Example code: test file and graph.
from typing import Any, Dict, List
from typing_extensions import Annotated, TypedDict


def build_reasoning_graph(
    *,
    model: str = "accounts/fireworks/models/gpt-oss-120b",
    model_provider: str = "fireworks",
    temperature: float = 0.0,
    reasoning_effort: str | None = None,
) -> Any:
    from langgraph.graph import StateGraph, END
    from langgraph.graph.message import add_messages
    from langchain.chat_models import init_chat_model
    from langchain_core.messages import BaseMessage

    class State(TypedDict):
        messages: Annotated[List[BaseMessage], add_messages]

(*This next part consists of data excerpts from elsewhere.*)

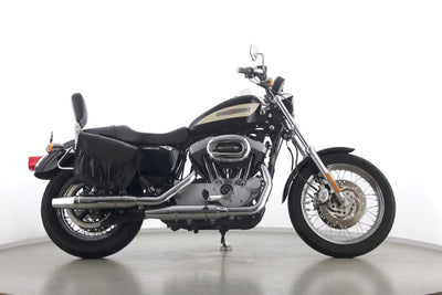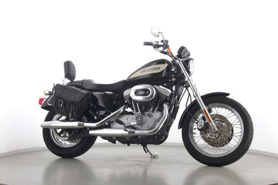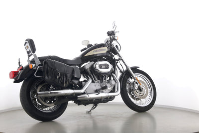 Eine Harley-Davidson Sportster XL 1200 R Roadster in gepflegtem Zustand u.a. mit Sissybar und Lederpacktaschen.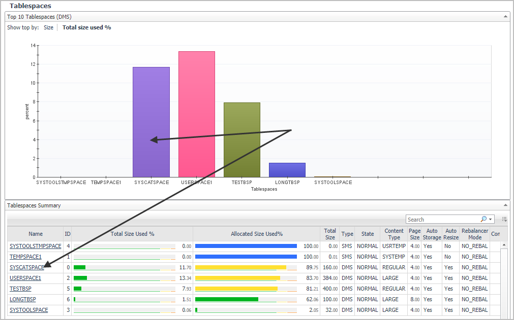 The Tablespaces panel shows the top ten tablespaces with the highest percentage of the space usage, along with individual table properties for each individual tablespace. Use this panel to quickly investigate the existing tablespace usage and look for parameters that can indicate potential performance issues.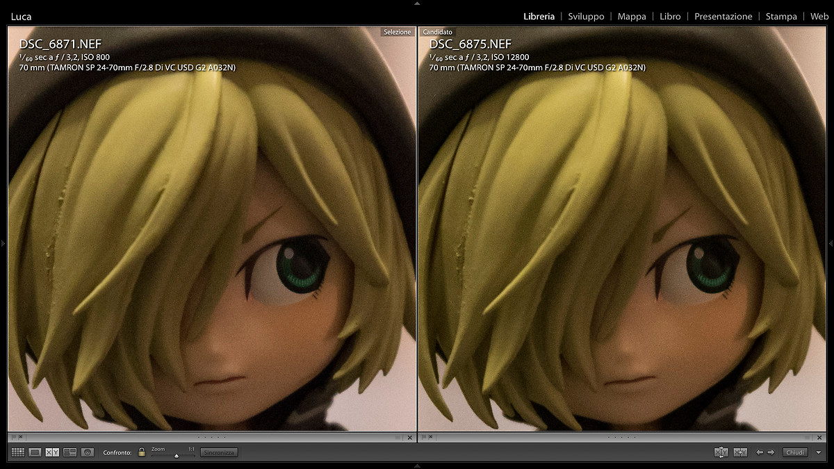 Ed infine ecco le immagini affiancate di Yuri ad ISO 800 e 12800 per una valutazione più precisa.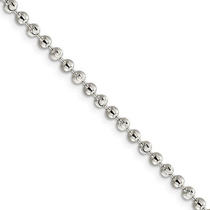 Round polished and diamond-cut beads gleam along the length of this sterling silver chain necklace that measures 3mm in width by 20 inches in length. It features a lightweight hollow link design and closes with a fancy lobster clasp. Made in Italy.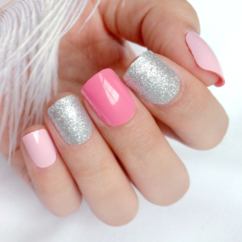 24Pcs Artificial Short Fake Nails 3D Holographic Sequins False Nails With Design DIY Full Cover Finger Tips Manicure Tools-Nail Inspo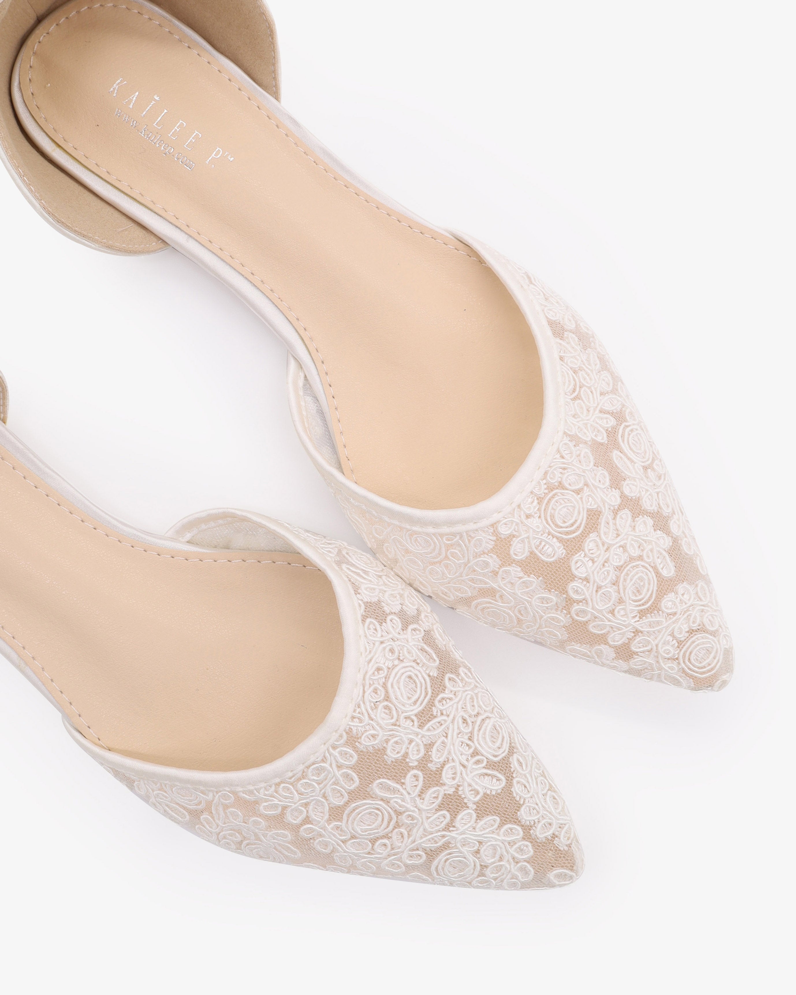 Crochet lace pointy toe flats for comfortable wear throughout your special day and perfect for wedding party. We've added satin or sheer organza lace up ribbon to make this a ballerina shoe.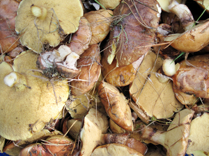 Mushroom!: A lot of mushroom! Suillus luteus,commonly referred to as slippery Jack or sticky bun in English-speaking countries, its names refer to the brown cap, which is characteristically viscid in wet conditions. 300px

    llm = init_chat_model(
        model,
        model_provider=model_provider,
        temperature=temperature,
        reasoning_effort=reasoning_effort,
    )

    async def call_model(state: State) -> Dict[str, Any]:
        response = await llm.ainvoke(state["messages"])  # type: ignore[assignment]
        return {"messages": [response]}

    g = StateGraph(State)
    g.add_node("call_model", call_model)
    g.set_entry_point("call_model")
    g.add_edge("call_model", END)
    return g.compile()

Passing reasoning_effort

Use completion_params to pass reasoning_effort values like “low”, “medium”, or “high”.
@evaluation_test(
    input_dataset=["examples/langgraph/data/simple_prompts.jsonl"],
    dataset_adapter=adapter,
    rollout_processor=processor,
    completion_params=[
        {"model": "accounts/fireworks/models/gpt-oss-120b", "temperature": 0.0, "reasoning_effort": "low"}
    ],
    mode="pointwise",
)

Running the Evaluation

export FIREWORKS_API_KEY=... && \
pytest python-sdk/examples/langgraph/test_langgraph_rollout.py -v

Creating a Leaderboard

To compare different models, add multiple entries to completion_params and set num_runs to get robust evaluation across runs.
# Assuming `processor = LangGraphRolloutProcessor(graph_factory=graph_factory)` as shown above
@evaluation_test(
    input_dataset=["examples/langgraph/data/simple_prompts.jsonl"],
    dataset_adapter=adapter,
    completion_params=[
        {"model": "accounts/fireworks/models/kimi-k2-instruct", "temperature": 0.0},
        {"model": "accounts/fireworks/models/kimi-k2-instruct-0905", "temperature": 0.0},
        {"model": "accounts/fireworks/models/qwen3-235b-a22b-instruct-2507", "temperature": 0.0},
    ],
    num_runs=3,
    rollout_processor=processor,
)
After running the evaluation, analyze results using the Pivot View.
Pivot Table: avg of $.evaluation_result.score

Example leaderboard showing model performance comparison in the Pivot View.